• **Dataset section**
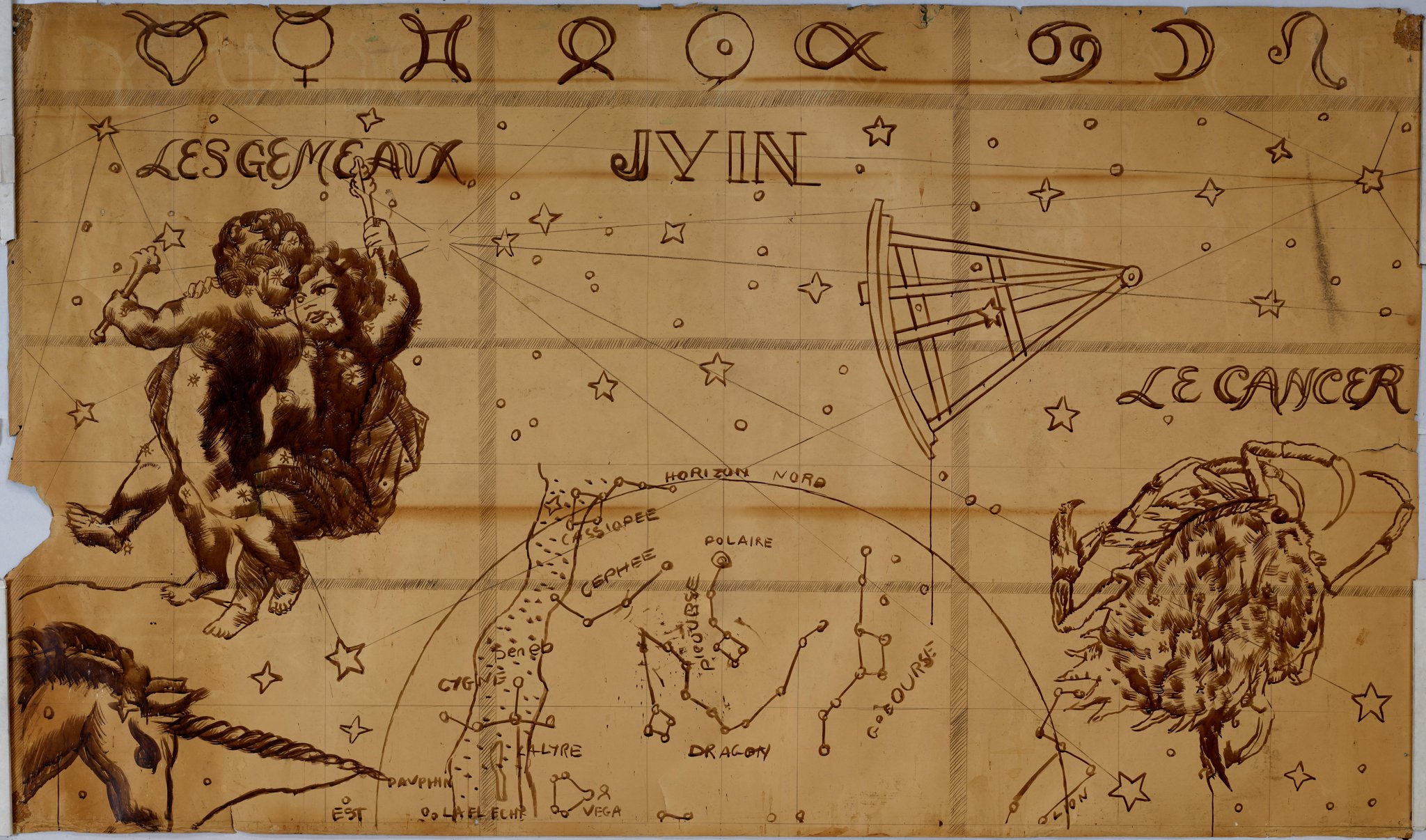Carte du ciel avec au recto le Verseau, l'Aigle et les Poissons en couleur et au recto la Licorne, les Gémeaux, le compas et le Cancer en noir et blanc.
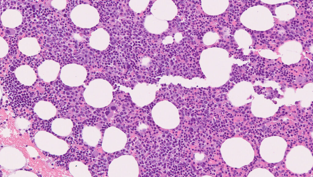 図3 血小板増多を伴うMDS。単核巨核球を多数認める。
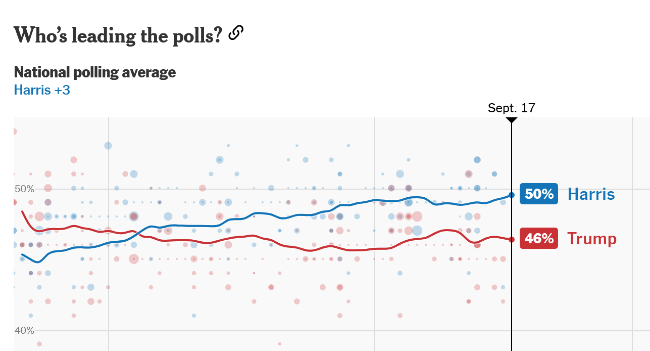 آخرین نظرسنجی رسمی منتشر شده در روزنامه معتبر نیویورک تایمز نشان میدهد که کامالا هریس تا این لحظه شانس پیروزی بیشتری نسبت به ترامپ دارد. براساس این گزارش، هریس در تاریخ 17 سپتامبر 2024 با حمایت 50 درصدی (4 درصد بیشتر از ترامپ) از رقیب خود پیشی گرفته است. از طرفی، اکثر رایدهندگان آمریکایی بر این باور هستند که پیروز مناظره اخیر، کاملا هریس بوده است، زیرا به خوبی توانسته است از پس سوالات سخت مالی و پاسخ به ترامپ بر بیاید. بااینحال، تصمیمگیری درباره این انتخابات و تاثیر آن روی قیمت محصولات فولادی و بازار آهن آلات هنوز زودهنگام است و باید منتظر ماند و نظرسنجیهای جدیدتر را بررسی کرد.
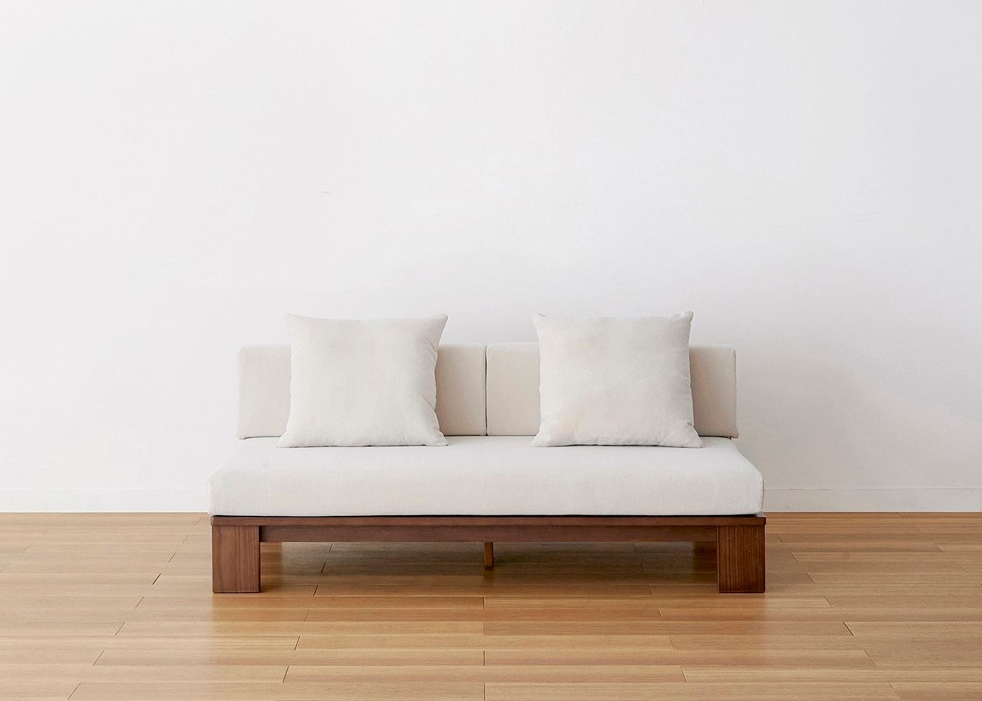 ベンチから両アームのソファに組み替えた状態です。その時の間取りや部屋のイメージに合わせて、組み替えできるのがセイル・ローソファの大きなメリットの一つです。(写真は2.5人掛け 両アームに組み替えした例)≫専用アームと組み替え方法はこちら

• **Required work**
Would you print the listing above in full, exactly, but with no pictures?

• **Completed exercise**
Carte du ciel avec au recto le Verseau, l'Aigle et les Poissons en couleur et au recto la Licorne, les Gémeaux, le compas et le Cancer en noir et blanc.
 図3 血小板増多を伴うMDS。単核巨核球を多数認める。
 آخرین نظرسنجی رسمی منتشر شده در روزنامه معتبر نیویورک تایمز نشان میدهد که کامالا هریس تا این لحظه شانس پیروزی بیشتری نسبت به ترامپ دارد. براساس این گزارش، هریس در تاریخ 17 سپتامبر 2024 با حمایت 50 درصدی (4 درصد بیشتر از ترامپ) از رقیب خود پیشی گرفته است. از طرفی، اکثر رایدهندگان آمریکایی بر این باور هستند که پیروز مناظره اخیر، کاملا هریس بوده است، زیرا به خوبی توانسته است از پس سوالات سخت مالی و پاسخ به ترامپ بر بیاید. بااینحال، تصمیمگیری درباره این انتخابات و تاثیر آن روی قیمت محصولات فولادی و بازار آهن آلات هنوز زودهنگام است و باید منتظر ماند و نظرسنجیهای جدیدتر را بررسی کرد.
 ベンチから両アームのソファに組み替えた状態です。その時の間取りや部屋のイメージに合わせて、組み替えできるのがセイル・ローソファの大きなメリットの一つです。(写真は2.5人掛け 両アームに組み替えした例)≫専用アームと組み替え方法はこちら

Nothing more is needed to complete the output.